▶ [THE TASK]:
When the line containing "Cut one large" is found in the data below, give it again along with every later line, exactly; drop the pictures.

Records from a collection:
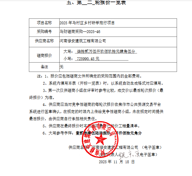 焦作市马村区农业农村局2025年马村区乡村研学旅行项目-成交公告
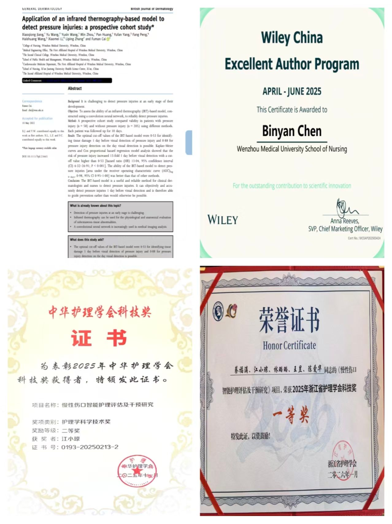 深耕教研,硕果累累。蔡福满导师潜心科研与育人,带领学生参与多项国家及省部级基金科研项目,并荣获中华护理学会科技奖二等奖、浙江省护理学会科技奖一等奖。在蔡福满及其导师团队的悉心指导下,其研究生在学术领域展现出极强的创新能力。其中,2017级硕士研究生/2023级博士研究生江小琼表现尤为突出,曾获省优秀毕业生、省优秀硕士学位论文及省专业硕士学位优秀实践成果等多项殊荣,论文入选中华护理学会百篇优秀论文,并在国际相关领域顶刊British Journal of Dermatology(TOP一区,IF=10.6)、Journal of Advanced Research(TOP一区,IF=13.0)发表高水平研究成果。近年来,学子们接续奋斗,不断刷新科研高度:2023级硕士研究生娄佳莹在Chemical Engineering Journal(TOP一区,IF=13.2)发表成果;2024级硕士研究生更是异军突起,邹米文在Alzheimer’s&Dementia(TOP一区,IF=11.1)发表论文,陈盛樟在护理学顶刊International Journal of Nursing Studies(TOP一区,IF=7.1)发表研究,陈彬艳则在Journal of Clinical Nursing(TOP一区)发表成果并荣获Wiley中国高贡献作者奖。蔡福满导师还带领学生致力于科研成果的转化应用。目前,团队已申请多项国家专利,其中一项专利成功转化30万元。令人感佩的是,他将半数收益发放给学生团队。
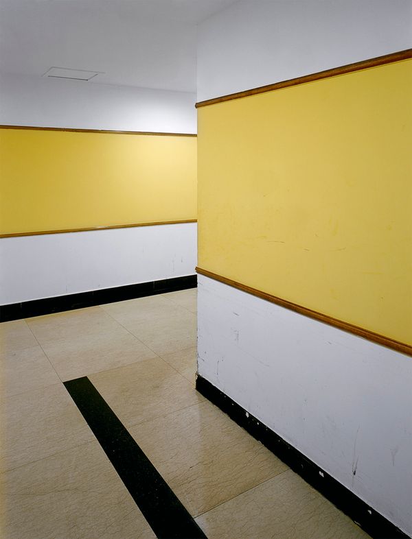 NOT AN EXIT is a collection of large format analog photographs that proposes a closer examination of the nondescript interiors that we routinely pass through; doorways and hallways, spaces intended for movement but here, somehow appear impenetrable. Irving transforms dead ends into studies on the architecture—spatial and psychological—of confinement, straddling the boundary of absurdist and unsettling. Both banal and bizarre, the Kafkaesque quirks and the illusionistic geometry of these locations draw the eye deep into the picture, only to be thwarted in its progress through space. Presented as close-to-life-size Lightjet prints, the scale and repetitive compositional elements of these images evoke a methodology of clinical examination and categorization of the liminal spaces we inhabit and yet often never truly see. We are going somewhere and yet — there seems to be no way out.
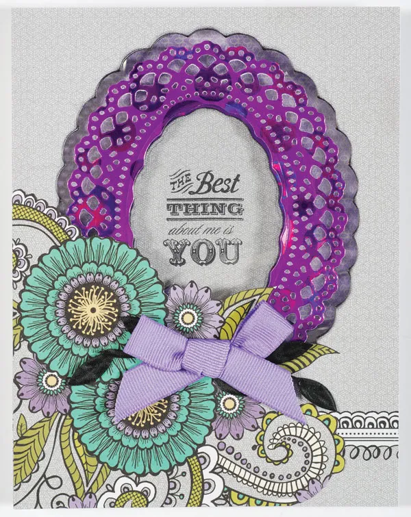 Cut one large lacey oval from holographic paper, then use the small scallop oval cutting die to cut out the center and glue centered on the window.
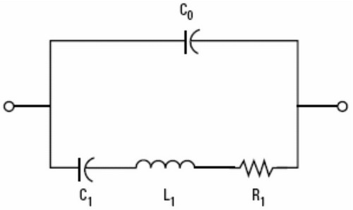 石英晶体的物理常数决定了等效电路图2和图3中所示的C0,C1(Motional Capacitor),L1(Mass)和R1(Bulk Loss),其中C0的另一部分来源于电极,固定器和引导线。
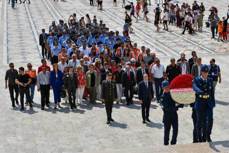 Gazi Mustafa Kemal Atatürk’ün mozolesine çelenk konulmasıyla başlayan anma töreninde saygı duruşunda bulunulurken, duygu dolu anlar da yaşandı.
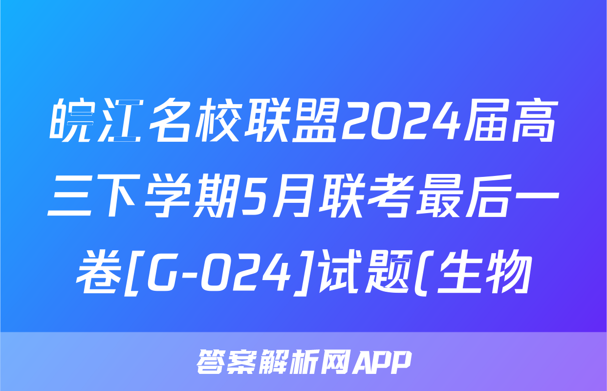 皖江名校联盟2024届高三下学期5月联考最后一卷[G-024]试题(生物)正在持续更新,目前大联考答案为大家整理了相关试题及答案,供大家查缺补漏,高效提升成绩。

▶ [TASK OUTPUT]:
 Cut one large lacey oval from holographic paper, then use the small scallop oval cutting die to cut out the center and glue centered on the window.
 石英晶体的物理常数决定了等效电路图2和图3中所示的C0,C1(Motional Capacitor),L1(Mass)和R1(Bulk Loss),其中C0的另一部分来源于电极,固定器和引导线。
 Gazi Mustafa Kemal Atatürk’ün mozolesine çelenk konulmasıyla başlayan anma töreninde saygı duruşunda bulunulurken, duygu dolu anlar da yaşandı.
 皖江名校联盟2024届高三下学期5月联考最后一卷[G-024]试题(生物)正在持续更新,目前大联考答案为大家整理了相关试题及答案,供大家查缺补漏,高效提升成绩。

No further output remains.